MBB105 Helmet Display

This project was a helmet mounted display for the MBB105 helicopter.  The display had some HUD function but was also slaved to the under mounted gun.  As the pilot's head moves, so the gun under the helicopter moves with it, and the optical system identifies hard edges of vehicles and buildings for targeting. 

MBB Bo 105

We take this stuff for granted today but back then (the late 80s) this was cutting edge military technology.  Now, your cell phone camera identifies faces, even as your subjects move around. It's basically the same technology, in a phone!

My part in all of this was again, the analog interfaces for the display itself. In this case the analogue card was shrunk down into a module, that would be mounted to the board. This meant we used all new devices, a lot of surface mount which was very new technology at the time.

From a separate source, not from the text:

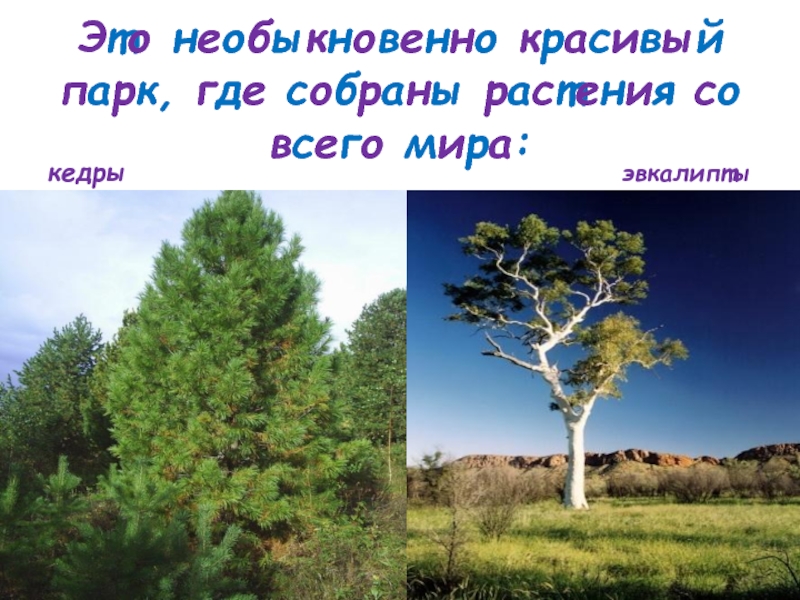 Это необыкновенно красивый парк, где собраны растения со всего мира:кедрыэвкалипты

It presented a whole set of new challenges and that's what made this project fun.

V22 Helmet Mount Display

Given that I worked in the airborne display division and my specialty was analog electronics, I was added to the project team for the V22 Osprey helmet mount display.  My responsibility was the implementation of the analog output card.

V22 Osprey

The analog output card took digital data from the display system and turned that into analog signals for driving a CRT.  Yup back then these things still used CRTs. 

I had just completed the C17 design so it will come as no surprise that the V22 card was a very similar design to the C17 card.  The interface to the digital system was via programmable logic devices (CPLDS) and these interfaces to some DACs.  The output of the DACs was a current and this was turned into a voltage and then buffered off the card using amplifiers.

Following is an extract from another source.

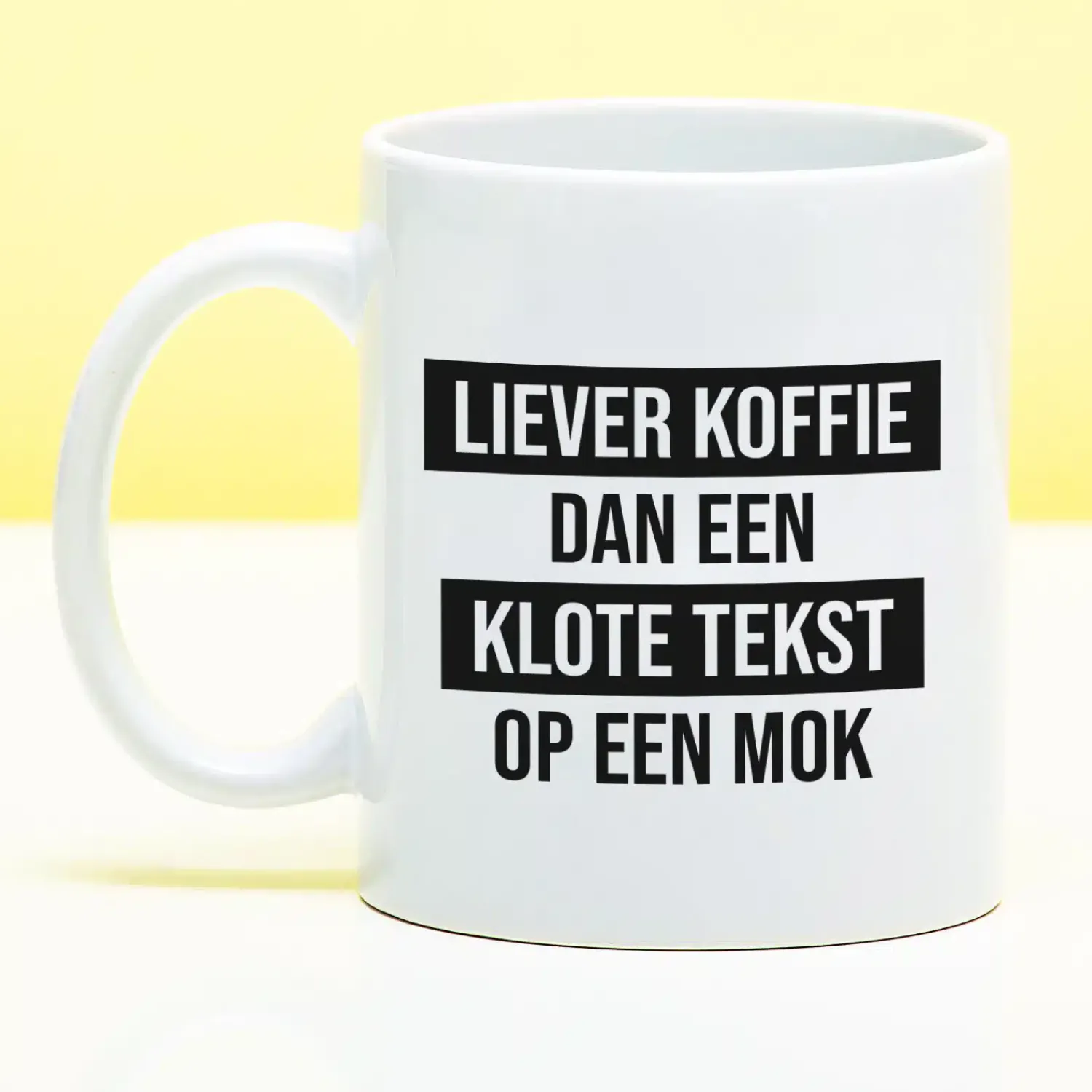 - Met tekst: Liever koffie dan een klote tekst op een mok

It's a pretty simple set up but if course the design had to be resilient and military spec to survive the extremes in temperature, vibration and other environmental concerns.

Tornado E-Scope

 The Panavia Tornado was the primary strike aircraft for the royal air force in the 80s.  GEC Marconi was tasked with providing an avionics upgrade package that included a partial redesign of the e-scope

Tornado 

The e-scope is the display for the terrain following radar.  This radar enables the tornado to follow the contour of the land at low level. 

e-scope

My role in this as a design engineer was to put together part of the display interface. This was a much smaller project than the C17 project for instance. 

F5 Interface Card

A number of the Northrop F5's were used for training in the USA and were due an avionics refit. As a part of that refit, an interface between a radar system and HUD needed to be created.

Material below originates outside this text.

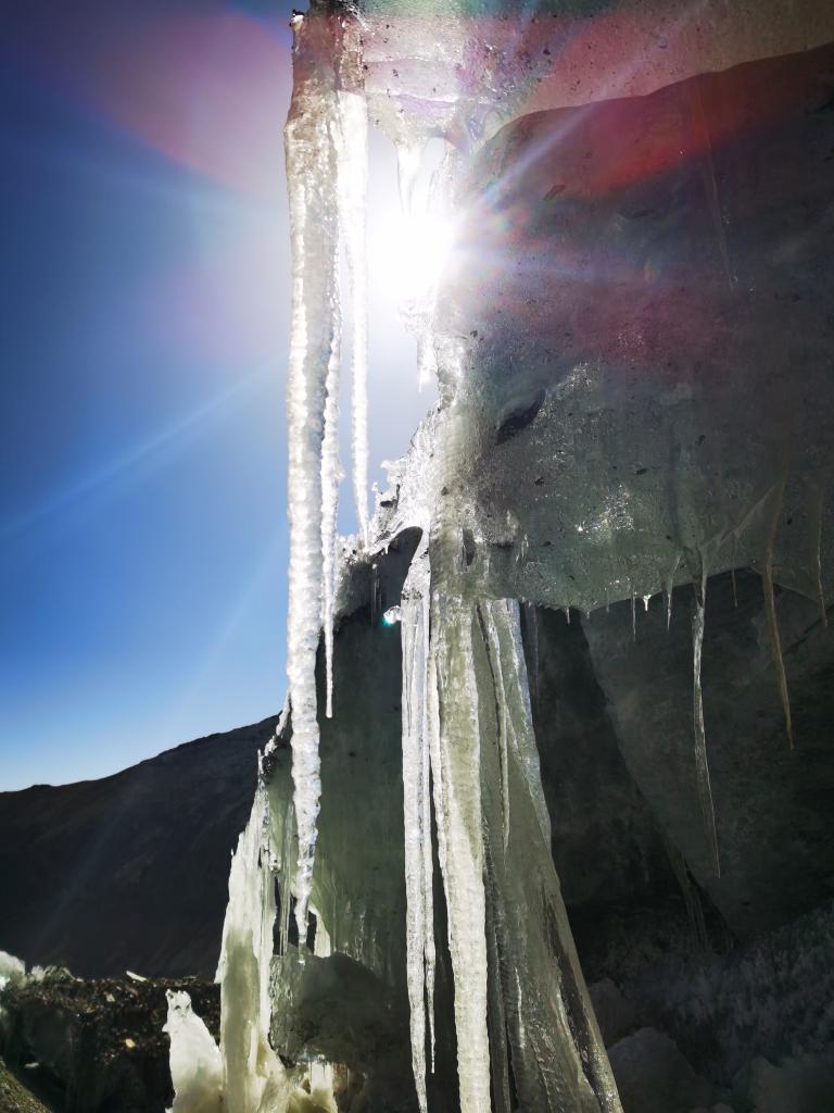 2022年3月27日拍攝的冰川融化形成的冰柱。(手機(jī)照片,新華社記者 沈虹冰 攝)
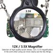1.HD Lens 🔍:This assistant welding table has a high quality optical glass lens with 3.5X and 12X magnification, which makes the magnified field of view clearer, and will not get dizzy in long-term use. Fully consider the needs of amateurs and welding electricians, allowing you to work on small parts with precise refinement and provide clear images without distortion or blurring!

This was a simple interface card to connect the radar system to the HUD.  Essentially the radar system had an XY analog output, but the signals were of the wrong polarity.  So the interface card buffered the signals and then inverted them, and buffered them out to the HUD.

F5E Tiger II

The design was a quick and easy one, compared to some of the others.  

C17 Globemaster HUD

Much of my time at GEC Marconi Avionics was spent on the C17 Globemaster project.  GEC were putting together an avionics package including the Head Up Display (HUD).  HUD systems back then were usually comprised of two parts; the optics assembly, mounted in the pilot's field of view, and the computer system that drives the optics.

C17 Globemaster

I don't know what HUD technology looks like now but back then, HUDs were based on CRTs with vector scanning. This required analog connections to CRT/Optical module, usually X, Y & Z where X and Y are the left/Right and up/down signal controls and Z is on/off.  

My role in this project was to take the digital data from the frame buffers, and turn them into analog signals. The challenge here was this had to be 14 bit accurate over the MIL-STD temperate range of -55C to +125C.  That is a tremendous amount of thermal problems.

Everyone gets a HUD

Back in those days, surface mount technology was just beginning to be a main stream thing, and the issue when dealing with extended temperature ranges was the surface mount components popping off the boards when subject to temperature extremes.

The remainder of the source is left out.